■ Your task ■
A picture should never appear in your copy. Transcribe the listing exactly from its first line through the line with "بيان صادر عن", both ends included.

━━━━━━━━━━━━━━━━━━━━

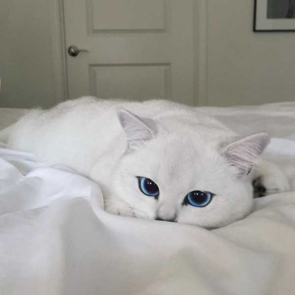 Біла шерсть у поєднанні з синіми очима справді роблять Кобі неймовірно красивим. Секрет приголомшливого кольору очей цього кота, який абсолютно нехарактерний для цієї породи, полягає в тому, що десь у роді Кобі затесався кіт іншої породи.
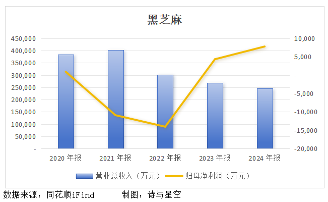与口碑同步下滑的,还有黑芝麻[000716.SZ]的业绩。
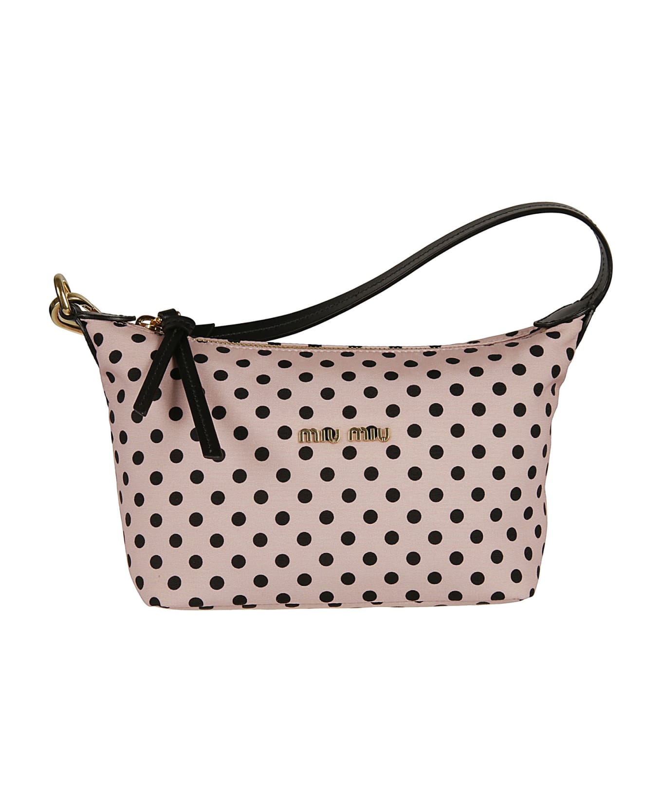 Polka Dot Logo Plaque Top Zip Shoulder Bag from Miu Miu
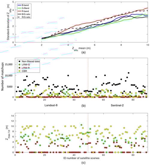 (a) Evolution of the standard deviation of Zsitu as a function of Zsitu mean computed over the 89 Landsat-8 and Sentinel-2 images for the different parameterizations of log-transformed bands and ratios; (b) number of matchups available for each of the 89 satellite images for non-filtered data and for 1σ-filtered data using LRM-G, LRM-R, and CBR approaches; (c) computation of the 1σ-filter maximum bathymetry for each of the 89 satellite images.
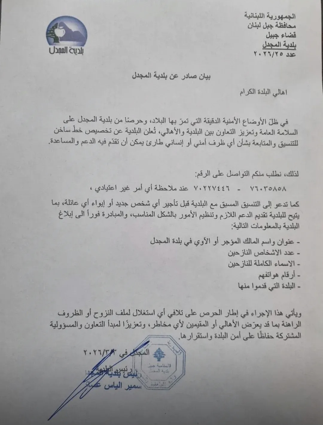 بيان صادر عن بلدية المجدل مارس 4, 2026 ShareShareShare Previous Postتعميم بلدية بلاط – قرطبون – مستيتا بشأن الإبلاغ عن إيواء وتأجير نازحين Next Postالجنوب والبقاع والضاحية تحت النار.. انذارات وغارات اسرائيلية وتوغل قد يعجبك يناير 13, 2026 “تتجاوز الضربات الجوية”.. خيارات جديدة لترامب ضد إيران يناير 17, 2026 وزيرة التربية تترك لإدارات المدارس اتخاذ قرار الإغلاق في ظل الأحوال الجوية فبراير 22, 2026 الفرصة الأخيرة للدبلوماسية.. واشنطن ننتظر من طهران عرضا نوويا مفصلا خلال 48 ساعة والا.. سبتمبر 22, 2025 بدء تحركات للعسكريين للمتقاعدين في مناطق عدة
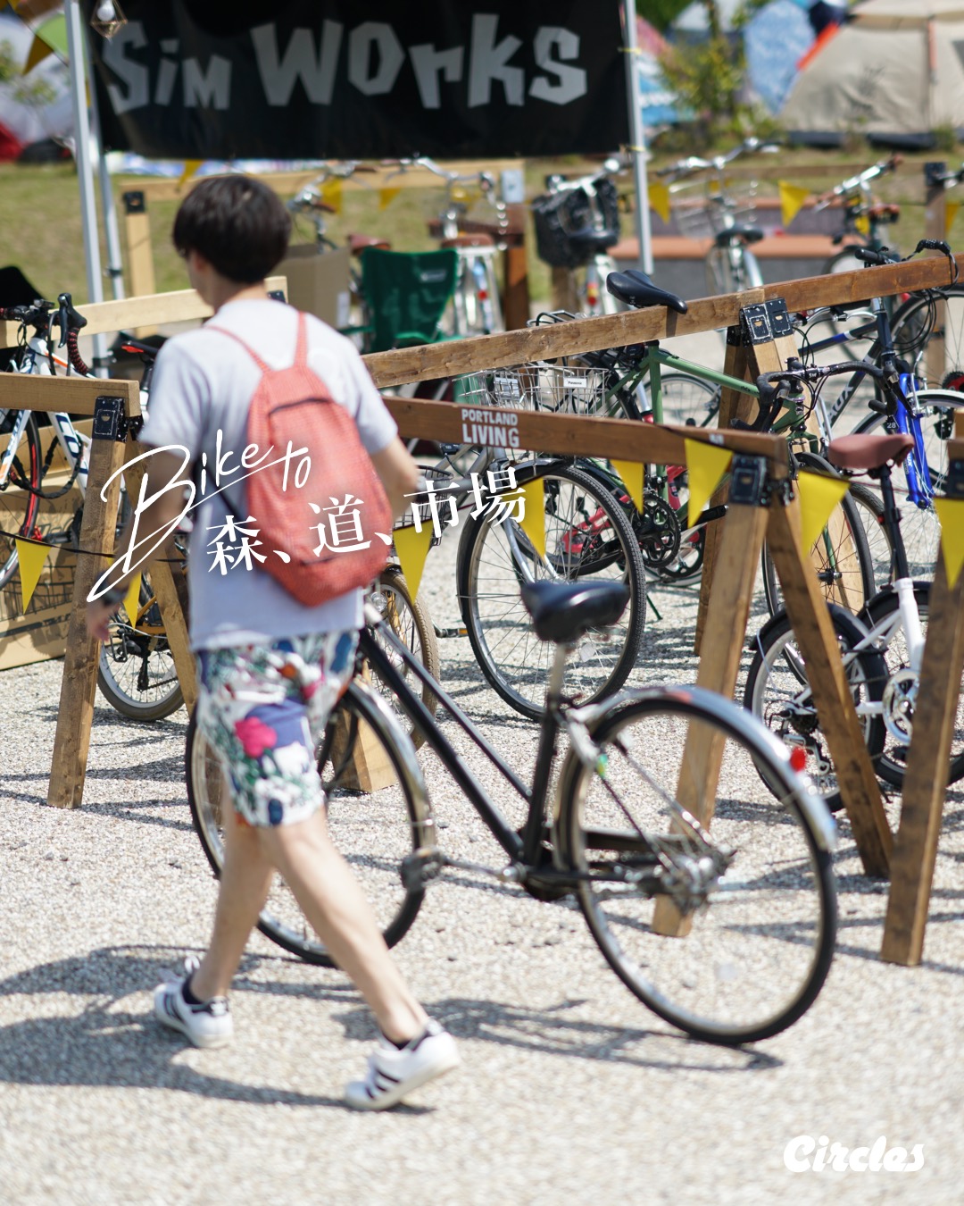 来場者の自転車をしっかり預かる駐輪サービス サイクルクローク。自転車と一緒に会場に出入りできる 自転車専用入口 と 自転車専用入場チケット。自転車での来場者向けの 自転車専用キャンプエリア。会場まで一緒に走る BIKE to 森、道、市場 ライドツアーなど、サークルズでは自転車で来場するために必要なサポートを全て実施します。

━━━━━━━━━━━━━━━━━━━━

■ Your response ■
 Біла шерсть у поєднанні з синіми очима справді роблять Кобі неймовірно красивим. Секрет приголомшливого кольору очей цього кота, який абсолютно нехарактерний для цієї породи, полягає в тому, що десь у роді Кобі затесався кіт іншої породи.
与口碑同步下滑的,还有黑芝麻[000716.SZ]的业绩。
 Polka Dot Logo Plaque Top Zip Shoulder Bag from Miu Miu
 (a) Evolution of the standard deviation of Zsitu as a function of Zsitu mean computed over the 89 Landsat-8 and Sentinel-2 images for the different parameterizations of log-transformed bands and ratios; (b) number of matchups available for each of the 89 satellite images for non-filtered data and for 1σ-filtered data using LRM-G, LRM-R, and CBR approaches; (c) computation of the 1σ-filter maximum bathymetry for each of the 89 satellite images.
 بيان صادر عن بلدية المجدل مارس 4, 2026 ShareShareShare Previous Postتعميم بلدية بلاط – قرطبون – مستيتا بشأن الإبلاغ عن إيواء وتأجير نازحين Next Postالجنوب والبقاع والضاحية تحت النار.. انذارات وغارات اسرائيلية وتوغل قد يعجبك يناير 13, 2026 “تتجاوز الضربات الجوية”.. خيارات جديدة لترامب ضد إيران يناير 17, 2026 وزيرة التربية تترك لإدارات المدارس اتخاذ قرار الإغلاق في ظل الأحوال الجوية فبراير 22, 2026 الفرصة الأخيرة للدبلوماسية.. واشنطن ننتظر من طهران عرضا نوويا مفصلا خلال 48 ساعة والا.. سبتمبر 22, 2025 بدء تحركات للعسكريين للمتقاعدين في مناطق عدة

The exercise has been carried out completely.